--- START ---
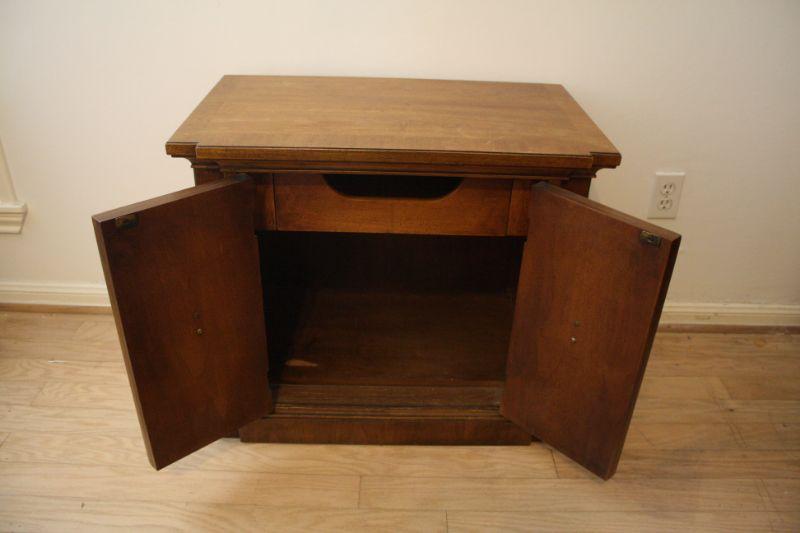 Thomasville Vintage End Table - This vintage end table/bedside table can be used for a variety of functions. Features two opening doors and and inner pull out shelf. Solid wood with some imperfections. Measures 27” (width) 16” (depth) 24” (height).
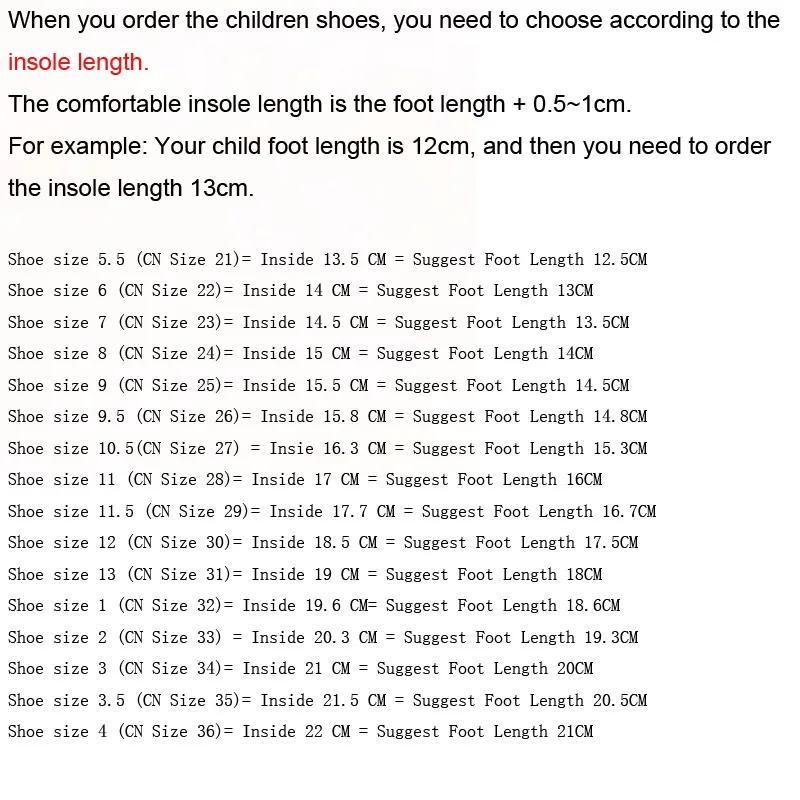 Размер обуви 1 = Размер 32 CN = длина стельки 19,6 см
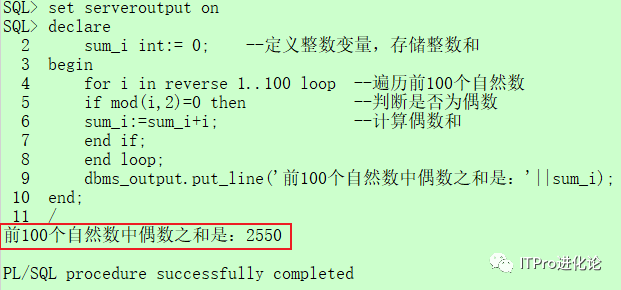 dbms_output.put_line('前100个自然数中偶数之和是:'||sum_i);
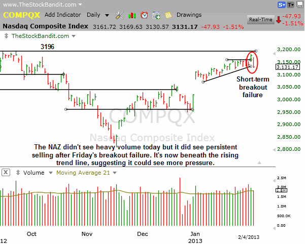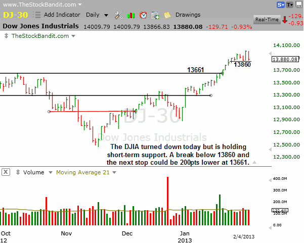 The market put up its worst day of a young 2013 with each of the averages shedding roughly 1% today. Making the day appear even worse, stocks went out at their lows of the day after trending down throughout the session with buyers nowhere in sight. It’s almost as if the bulls decided it wasn’t so bad to book some profits after all!
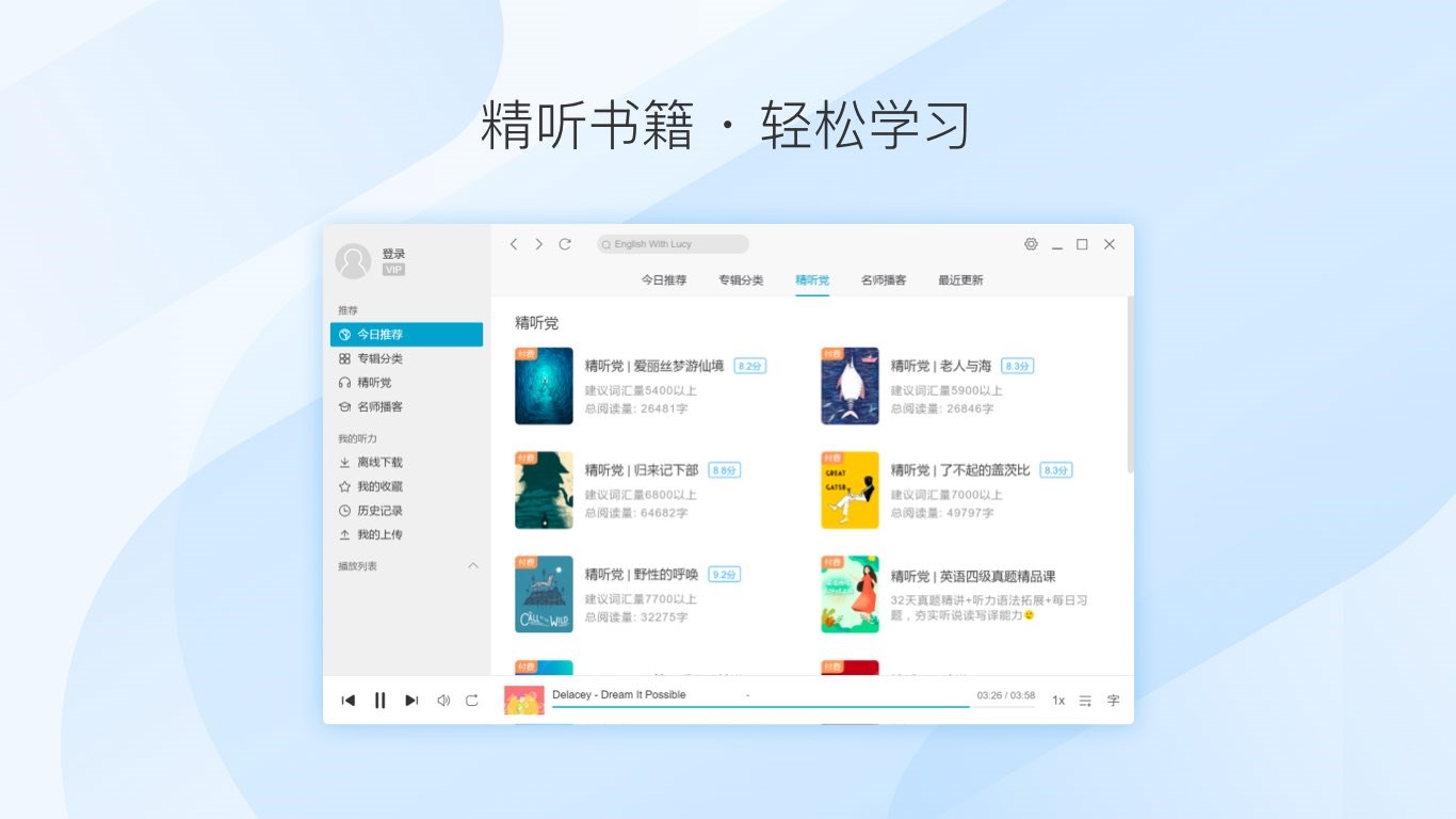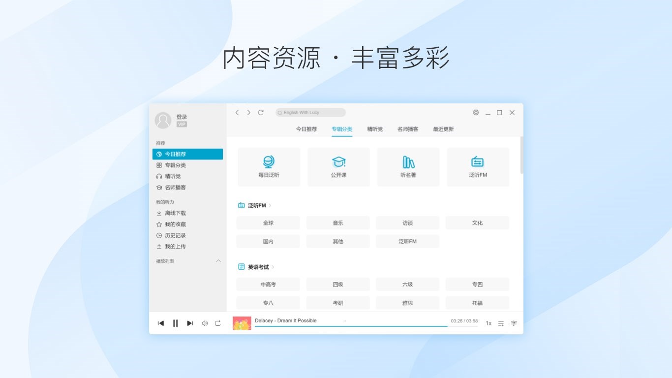 【海量听力】每天更新的听力资源库,中高考、四六级、CNN资源一站式收听【泛听FM】实时流畅收听BBC、VOA等节目,锻炼英语听力必备【听力练习】8档语速调节、4种循环模式,支持听写、测验练习,满足不同阶段的学习需求【词汇提示】智能提示文章中的生词难词,训练听力的同时轻松提高词汇量【批星管理】支持全部播放、一键下载,离线时也能随时练听力【简约设计】清晰简洁的界面设计,鼠标点划间畅享舒适的学习体验
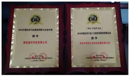 在2016年11月29日中國(guó)上海一個(gè)瑰麗璀璨之夜,由光伏產(chǎn)業(yè)網(wǎng)、中國(guó)智能產(chǎn)業(yè)聯(lián)盟主辦的“2016中國(guó)太陽(yáng)能光伏產(chǎn)業(yè)創(chuàng)新與發(fā)展高峰論壇”在這里隆重舉行。在參加會(huì)議的300多家光伏企業(yè)中,博亮通宇科技有限公司、深圳市博亮天安科技發(fā)展有限公司脫穎而出,雙雙獲獎(jiǎng)。博亮通宇憑借技術(shù)的持續(xù)創(chuàng)新和產(chǎn)品的質(zhì)量把控,一舉奪得“2016中國(guó)光伏行業(yè)最具創(chuàng)新力企業(yè)50強(qiáng)”。而博亮天安因逆變器的研發(fā)處于行業(yè)領(lǐng)先地位和擁有多項(xiàng)創(chuàng)新發(fā)明專(zhuān)利,斬獲“2016中國(guó)光伏行業(yè)十大最具創(chuàng)新逆變器企業(yè)”的榮譽(yù)稱(chēng)號(hào)。
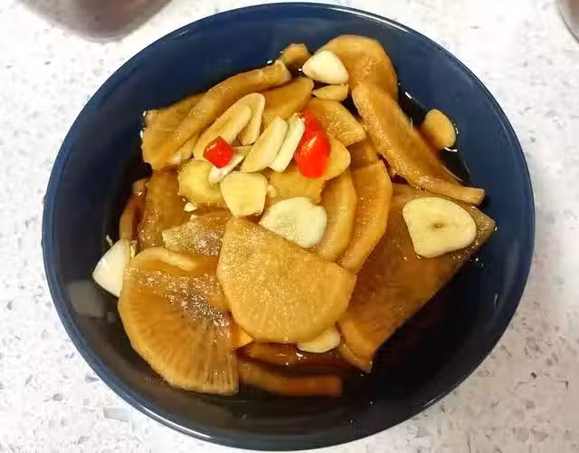 食材:兩根白蘿蔔、一小根胡蘿蔔、一頭半的蒜、10根小米辣(根據自己喜辣程度)少許薑片
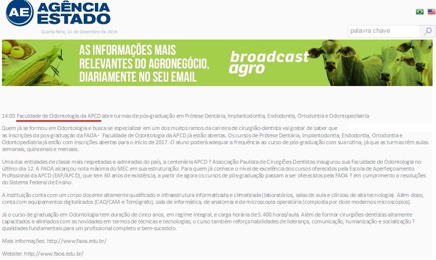 AGÊNCIA ESTADO - Faculdade de Odontologia da APCD lança cursos de pós-graduação
--- END ---
## Task requirements
Set the pictures aside and reproduce the data above exactly.

## Expected output
 Thomasville Vintage End Table - This vintage end table/bedside table can be used for a variety of functions. Features two opening doors and and inner pull out shelf. Solid wood with some imperfections. Measures 27” (width) 16” (depth) 24” (height).
 Размер обуви 1 = Размер 32 CN = длина стельки 19,6 см
 dbms_output.put_line('前100个自然数中偶数之和是:'||sum_i);
 The market put up its worst day of a young 2013 with each of the averages shedding roughly 1% today. Making the day appear even worse, stocks went out at their lows of the day after trending down throughout the session with buyers nowhere in sight. It’s almost as if the bulls decided it wasn’t so bad to book some profits after all!
 【海量听力】每天更新的听力资源库,中高考、四六级、CNN资源一站式收听【泛听FM】实时流畅收听BBC、VOA等节目,锻炼英语听力必备【听力练习】8档语速调节、4种循环模式,支持听写、测验练习,满足不同阶段的学习需求【词汇提示】智能提示文章中的生词难词,训练听力的同时轻松提高词汇量【批星管理】支持全部播放、一键下载,离线时也能随时练听力【简约设计】清晰简洁的界面设计,鼠标点划间畅享舒适的学习体验
 在2016年11月29日中國(guó)上海一個(gè)瑰麗璀璨之夜,由光伏產(chǎn)業(yè)網(wǎng)、中國(guó)智能產(chǎn)業(yè)聯(lián)盟主辦的“2016中國(guó)太陽(yáng)能光伏產(chǎn)業(yè)創(chuàng)新與發(fā)展高峰論壇”在這里隆重舉行。在參加會(huì)議的300多家光伏企業(yè)中,博亮通宇科技有限公司、深圳市博亮天安科技發(fā)展有限公司脫穎而出,雙雙獲獎(jiǎng)。博亮通宇憑借技術(shù)的持續(xù)創(chuàng)新和產(chǎn)品的質(zhì)量把控,一舉奪得“2016中國(guó)光伏行業(yè)最具創(chuàng)新力企業(yè)50強(qiáng)”。而博亮天安因逆變器的研發(fā)處于行業(yè)領(lǐng)先地位和擁有多項(xiàng)創(chuàng)新發(fā)明專(zhuān)利,斬獲“2016中國(guó)光伏行業(yè)十大最具創(chuàng)新逆變器企業(yè)”的榮譽(yù)稱(chēng)號(hào)。
 食材:兩根白蘿蔔、一小根胡蘿蔔、一頭半的蒜、10根小米辣(根據自己喜辣程度)少許薑片
 AGÊNCIA ESTADO - Faculdade de Odontologia da APCD lança cursos de pós-graduação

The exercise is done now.